Task directions: Would you return, word for word, the lines running from the one with "Turn in for" to the final line of the listing below, pictures omitted?

Source data:
____
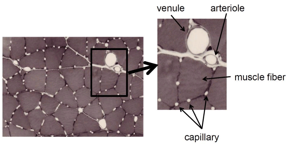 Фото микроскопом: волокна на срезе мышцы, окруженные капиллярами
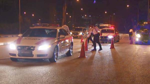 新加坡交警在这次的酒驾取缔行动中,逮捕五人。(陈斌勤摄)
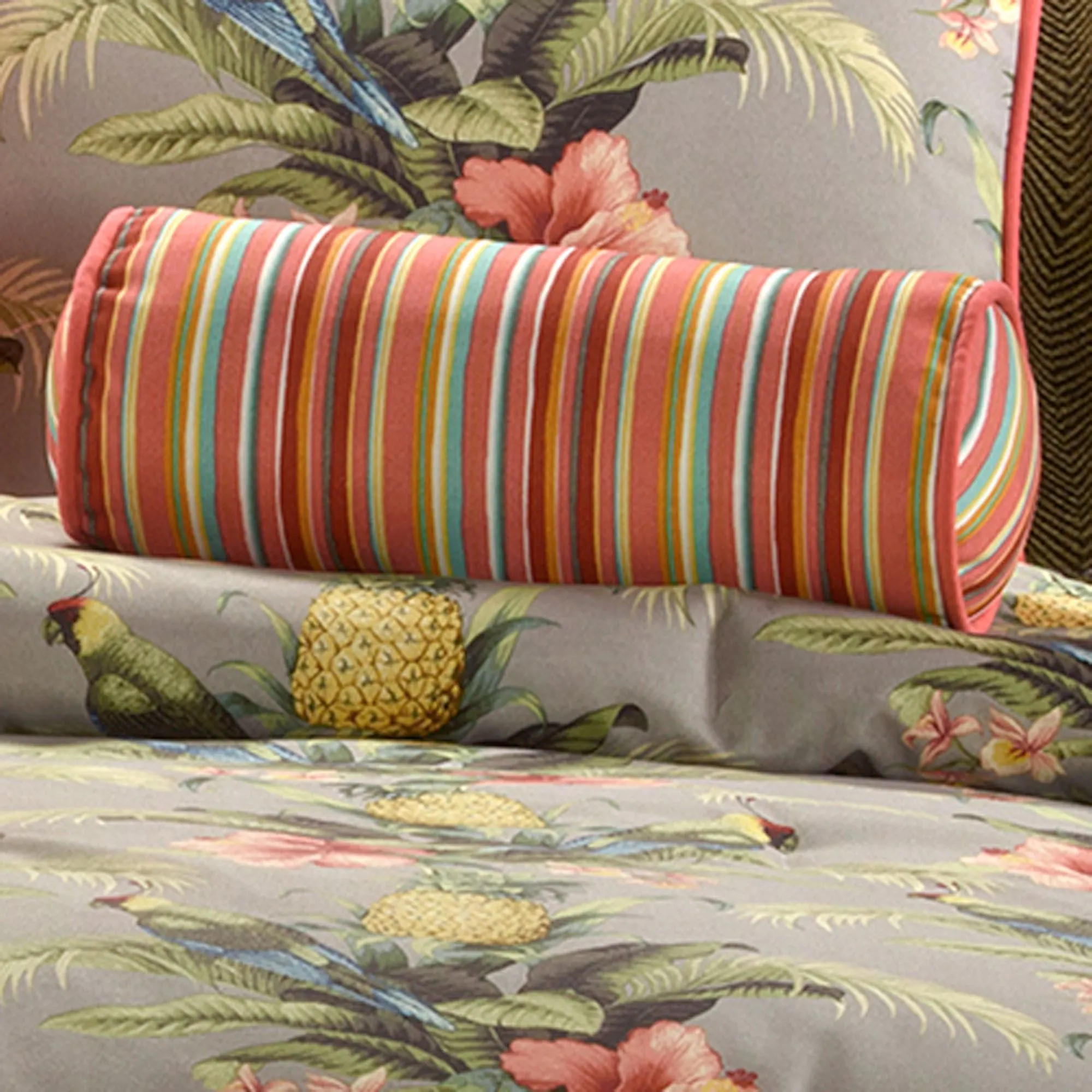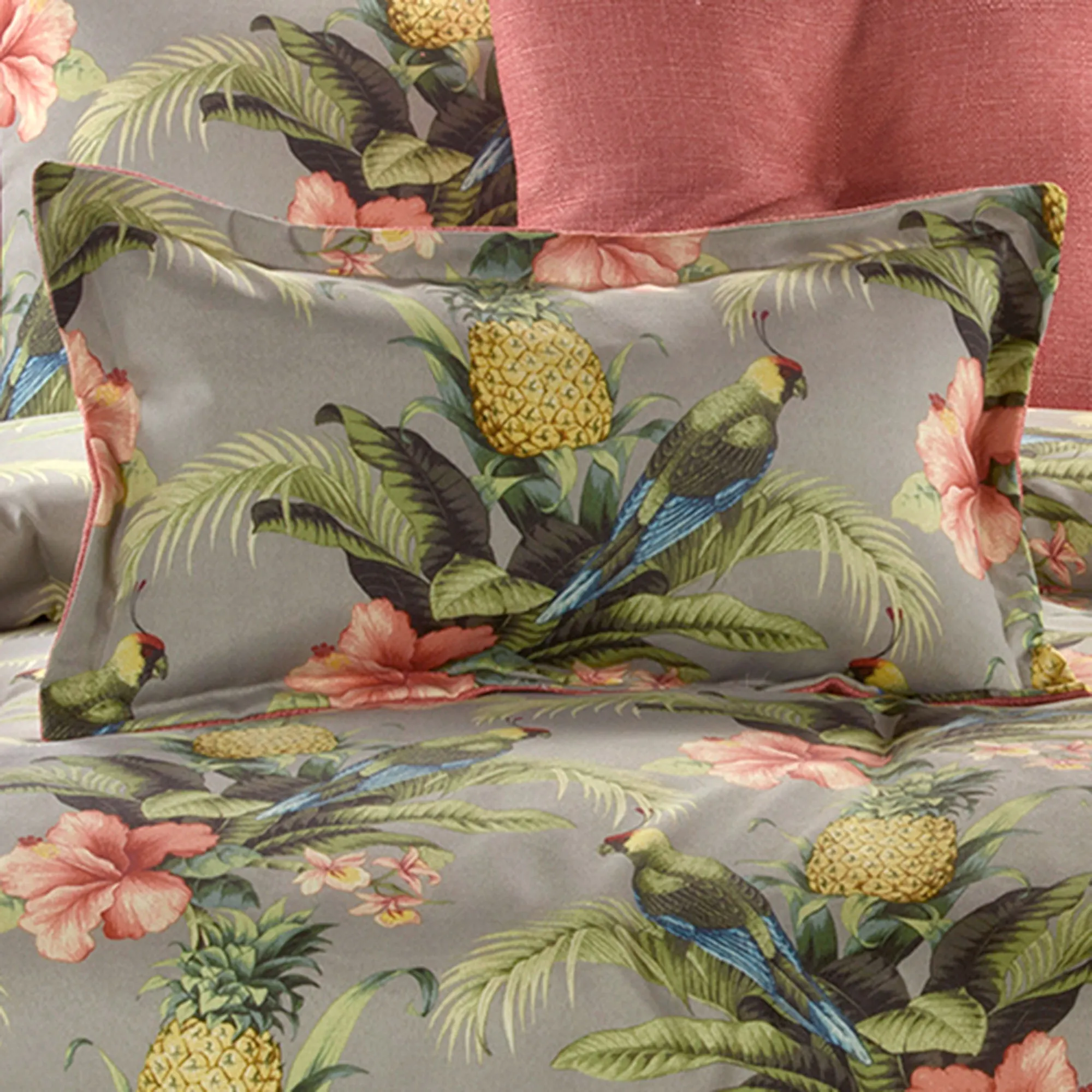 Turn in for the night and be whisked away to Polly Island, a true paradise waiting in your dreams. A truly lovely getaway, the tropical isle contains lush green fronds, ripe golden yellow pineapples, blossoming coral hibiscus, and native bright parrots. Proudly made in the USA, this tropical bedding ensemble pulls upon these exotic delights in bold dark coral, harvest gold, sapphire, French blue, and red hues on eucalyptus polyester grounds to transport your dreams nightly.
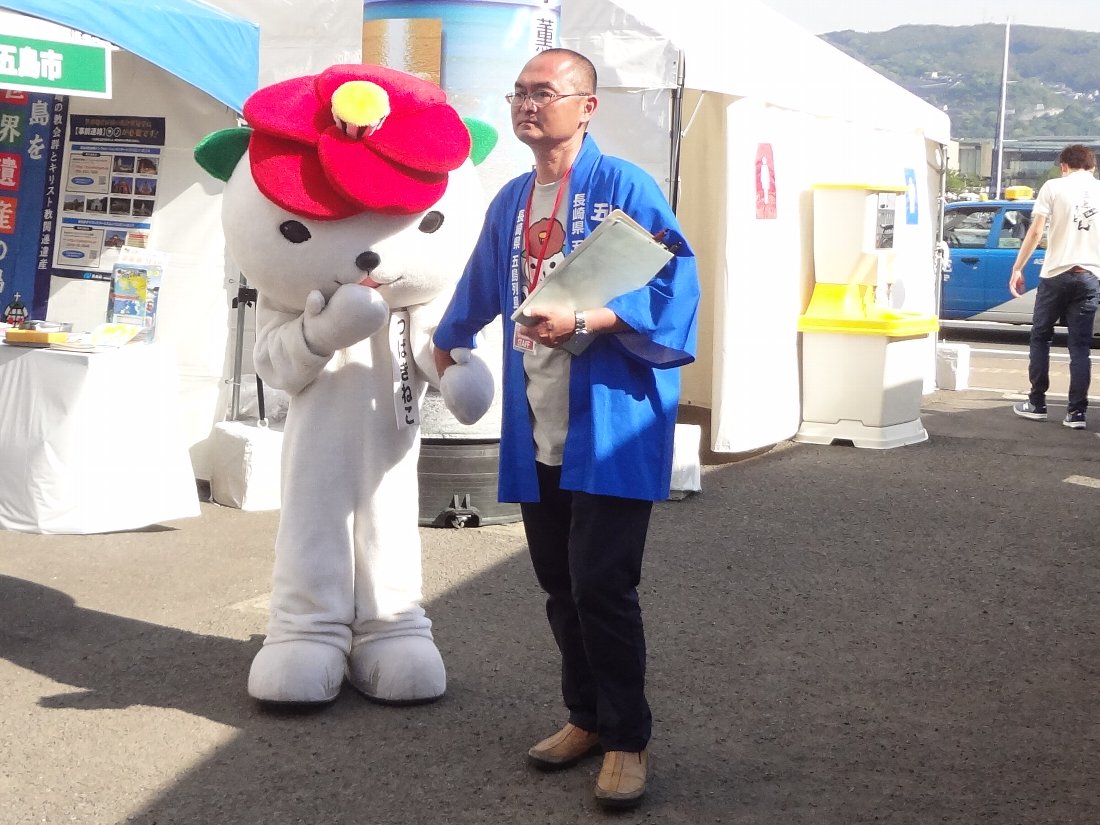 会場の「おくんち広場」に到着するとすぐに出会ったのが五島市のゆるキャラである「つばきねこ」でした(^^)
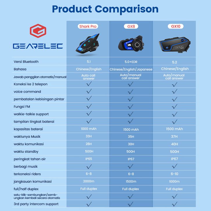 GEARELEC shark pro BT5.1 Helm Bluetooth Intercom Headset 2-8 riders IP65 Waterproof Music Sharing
____
Result below:
 Turn in for the night and be whisked away to Polly Island, a true paradise waiting in your dreams. A truly lovely getaway, the tropical isle contains lush green fronds, ripe golden yellow pineapples, blossoming coral hibiscus, and native bright parrots. Proudly made in the USA, this tropical bedding ensemble pulls upon these exotic delights in bold dark coral, harvest gold, sapphire, French blue, and red hues on eucalyptus polyester grounds to transport your dreams nightly.
 会場の「おくんち広場」に到着するとすぐに出会ったのが五島市のゆるキャラである「つばきねこ」でした(^^)
 GEARELEC shark pro BT5.1 Helm Bluetooth Intercom Headset 2-8 riders IP65 Waterproof Music Sharing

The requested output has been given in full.